Exercise instructions: Would you retype the whole listing exactly, leaving its pictures out?

** Available data follows **

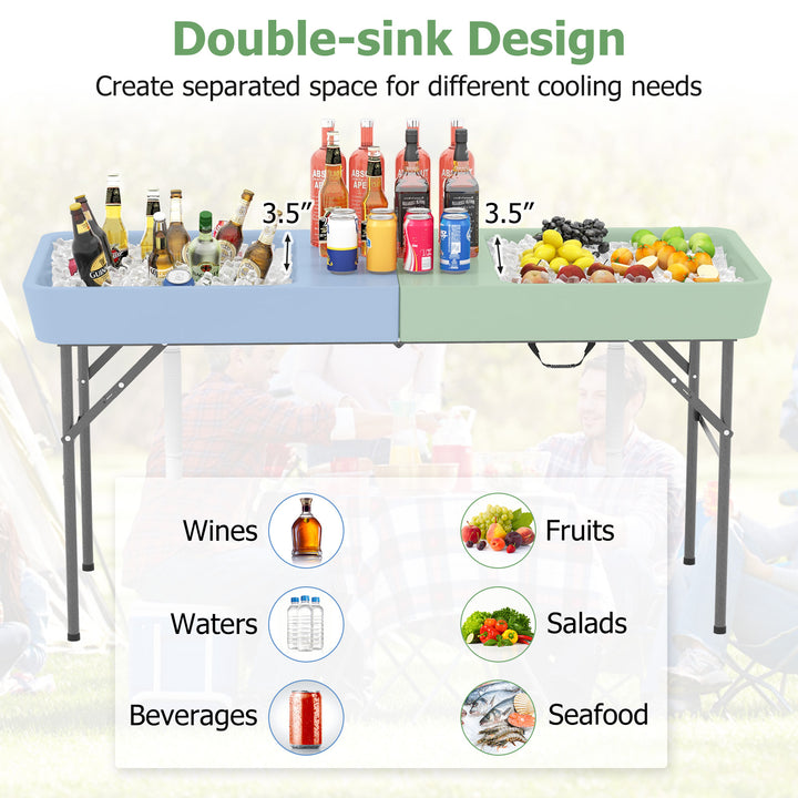 5 FT Folding Ice Cooler Table with Double Sinks for Camping Party Picnic Wedding
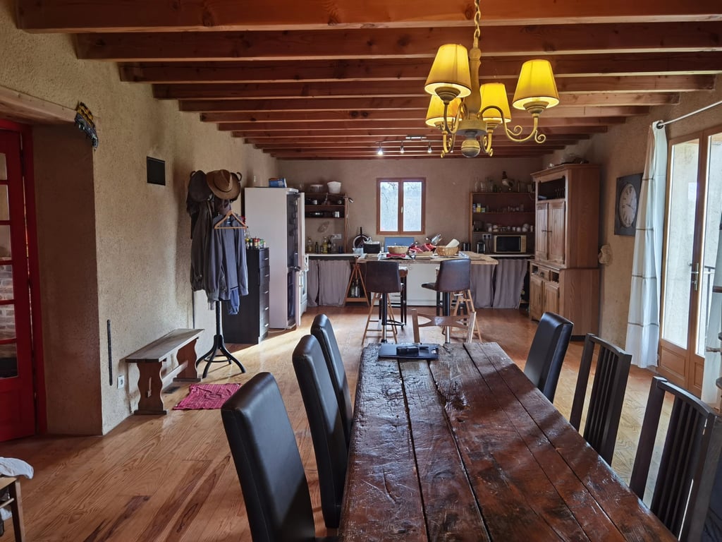 Spacious 220 m2 Farmhouse with Guest House and Equestrian Land near Moissac. Set in a stunning natural environment just ten minutes from the town of Moissac, this character farmhouse offers approximately 220 m2 of habitable living space and enjoys a peaceful, private setting, an ideal project for family life, nature lovers and equestrian use. The ground floor opens onto a generous entrance hall with a cosy mezzanine. A bright living room of around 39 m2 features a fireplace with a wood-burning i...
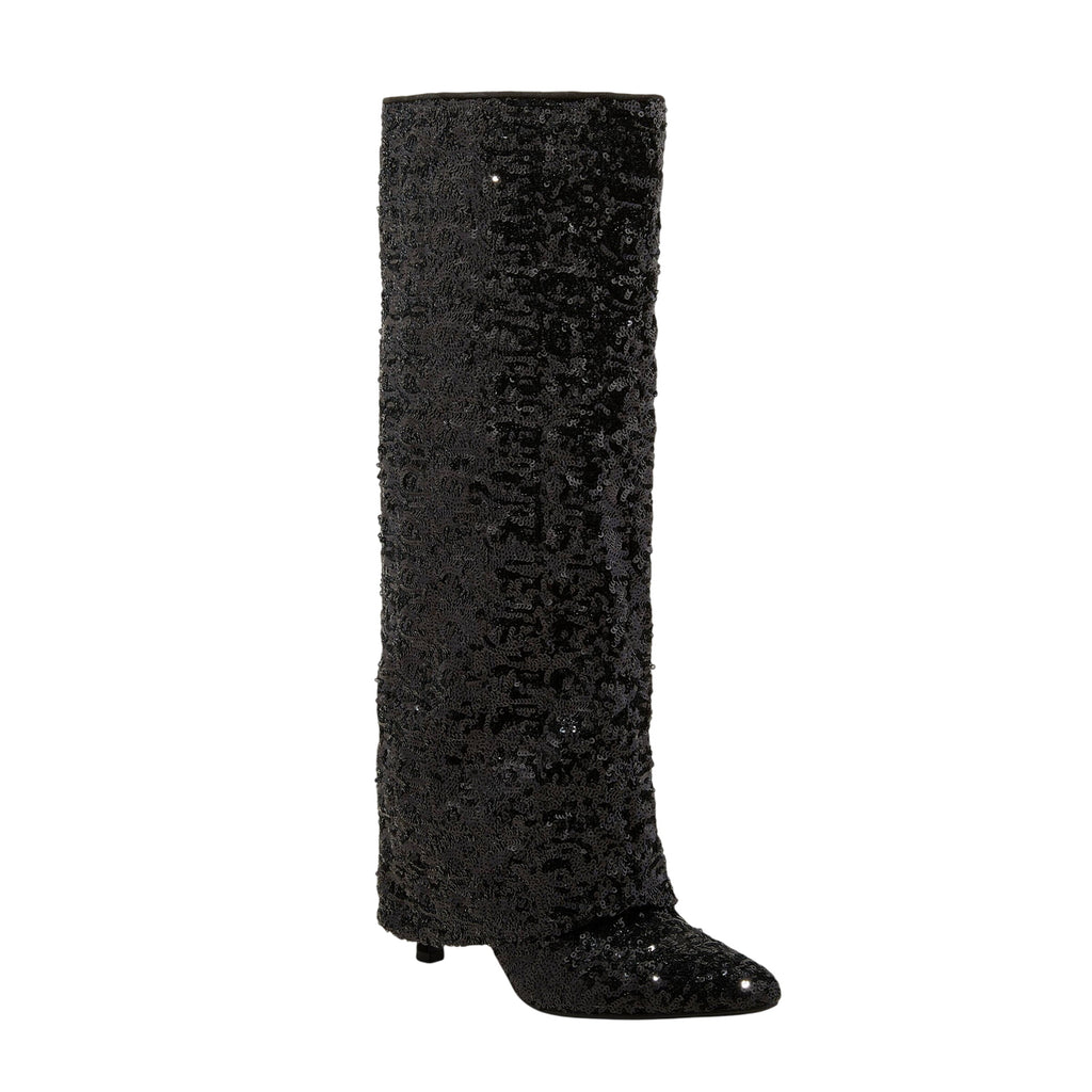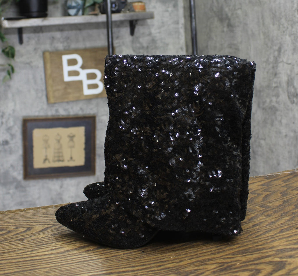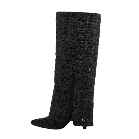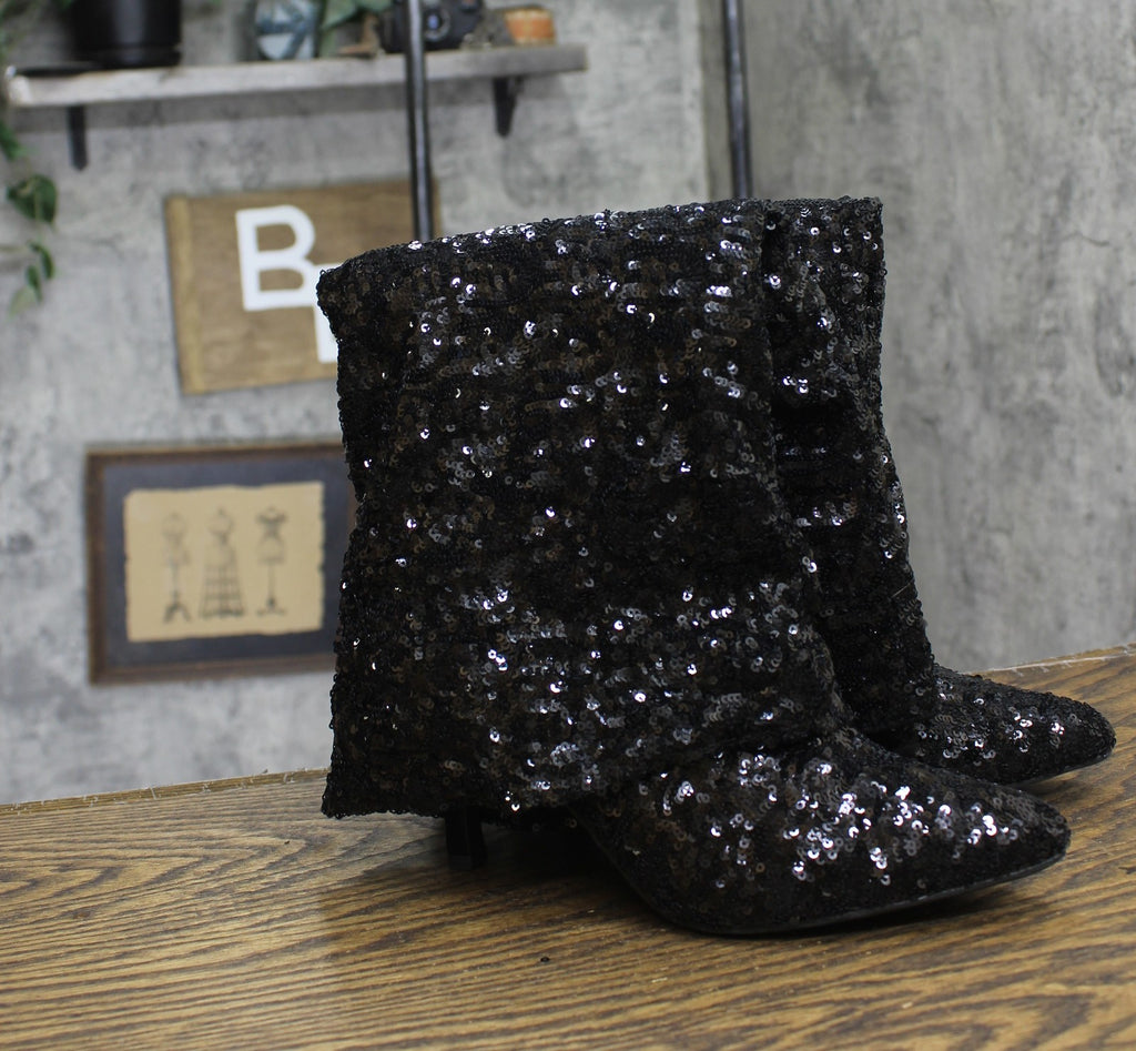 These Abba Sequin Foldover Tall Boots from A New Day are all about making a big statement on the dance floor and beyond. These black boots are covered in black sequins and designed with a pointed closed toe and a 15-inch knee-high silhouette. Set on a 3.25-inch stiletto heel, the foldover boots feature a side zipper fastening for a secure, snug fit. Pair them with shorts, a mini skirt or a midi dress for a standout look.A New Day: Style that goes wherever you do. Black foldover tall boots Embellished with black sequins 3.25in stiletto heel and 15in shaft height Polyethylene insole and polyester lining Pointed closed toe Knee-high silhouette Side zipper Textured TPR outsole Sizing: Womens Care and Cleaning: Clean With Mild Detergent Footwear Lining Material: 100% Polyester Construction: Backless Footwear Insole Material: 100% Polyurethane Features: Zipper Height Type: Knee Toe Style: Pointed Toe Footwear Upper Material: 100% Polyurethane Footwear Outsole Material: 100% TPR (Thermoplastic Rubber) Heel: Approximately 3.25 Inches Stiletto Heel Boot Shaft Circumference: Approximately 15.0 Inches Boot Shaft Height: Approximately 15.0 Inches Shoe Width: Medium Footwear toe openness: Closed Toe Footwear outsole details: Textured Outsole
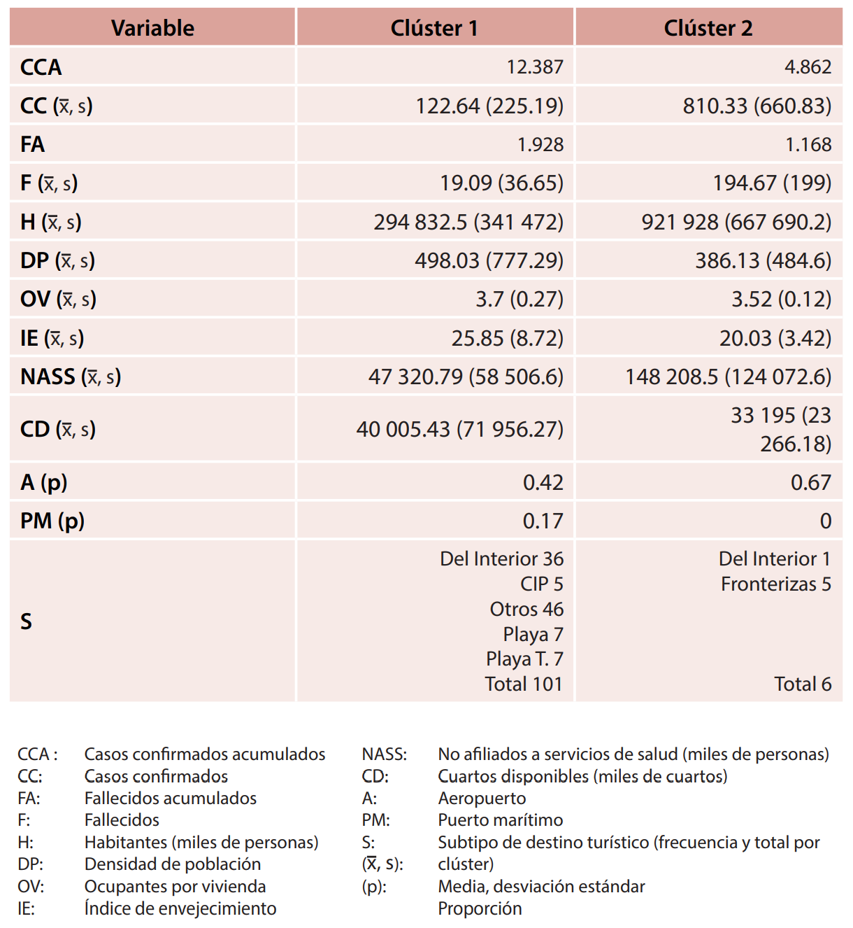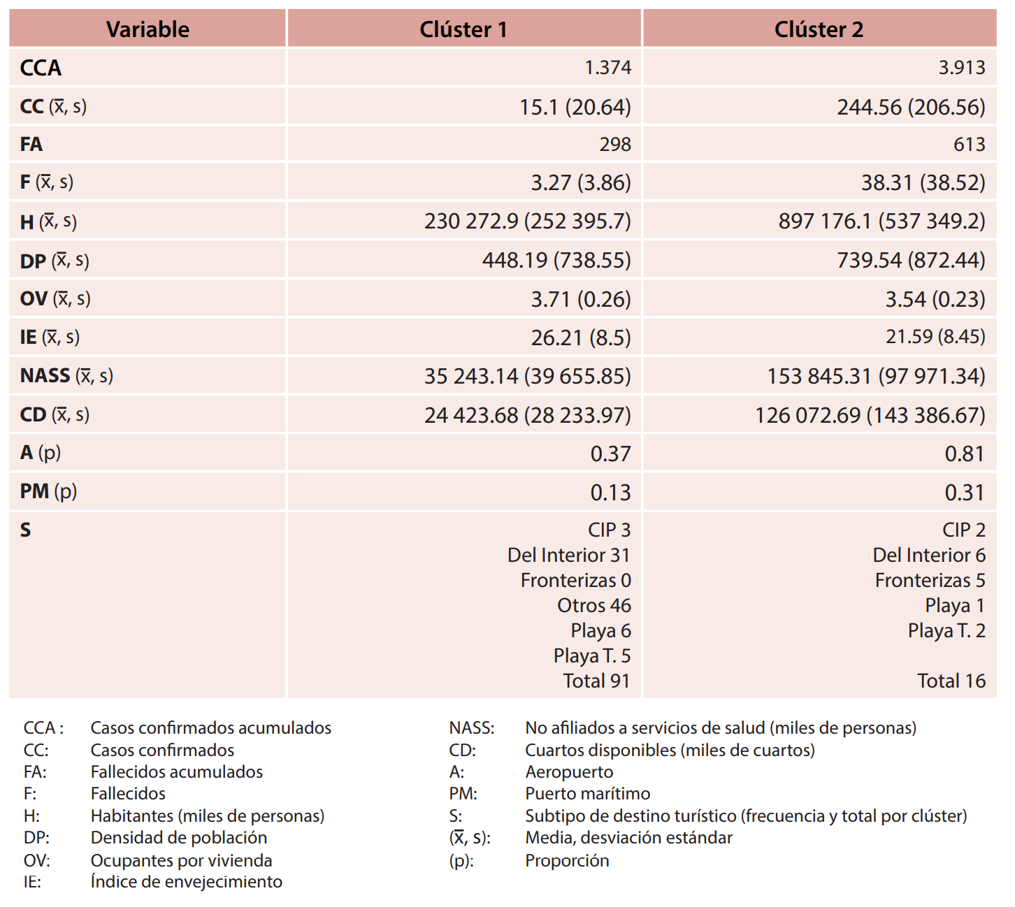 Tabla 1. Estadística descriptiva de los clústeres para el período previo a la fase 1 de la epidemia

** End of Available data **

Your response:
 5 FT Folding Ice Cooler Table with Double Sinks for Camping Party Picnic Wedding
 Spacious 220 m2 Farmhouse with Guest House and Equestrian Land near Moissac. Set in a stunning natural environment just ten minutes from the town of Moissac, this character farmhouse offers approximately 220 m2 of habitable living space and enjoys a peaceful, private setting, an ideal project for family life, nature lovers and equestrian use. The ground floor opens onto a generous entrance hall with a cosy mezzanine. A bright living room of around 39 m2 features a fireplace with a wood-burning i...
 These Abba Sequin Foldover Tall Boots from A New Day are all about making a big statement on the dance floor and beyond. These black boots are covered in black sequins and designed with a pointed closed toe and a 15-inch knee-high silhouette. Set on a 3.25-inch stiletto heel, the foldover boots feature a side zipper fastening for a secure, snug fit. Pair them with shorts, a mini skirt or a midi dress for a standout look.A New Day: Style that goes wherever you do. Black foldover tall boots Embellished with black sequins 3.25in stiletto heel and 15in shaft height Polyethylene insole and polyester lining Pointed closed toe Knee-high silhouette Side zipper Textured TPR outsole Sizing: Womens Care and Cleaning: Clean With Mild Detergent Footwear Lining Material: 100% Polyester Construction: Backless Footwear Insole Material: 100% Polyurethane Features: Zipper Height Type: Knee Toe Style: Pointed Toe Footwear Upper Material: 100% Polyurethane Footwear Outsole Material: 100% TPR (Thermoplastic Rubber) Heel: Approximately 3.25 Inches Stiletto Heel Boot Shaft Circumference: Approximately 15.0 Inches Boot Shaft Height: Approximately 15.0 Inches Shoe Width: Medium Footwear toe openness: Closed Toe Footwear outsole details: Textured Outsole
 Tabla 1. Estadística descriptiva de los clústeres para el período previo a la fase 1 de la epidemia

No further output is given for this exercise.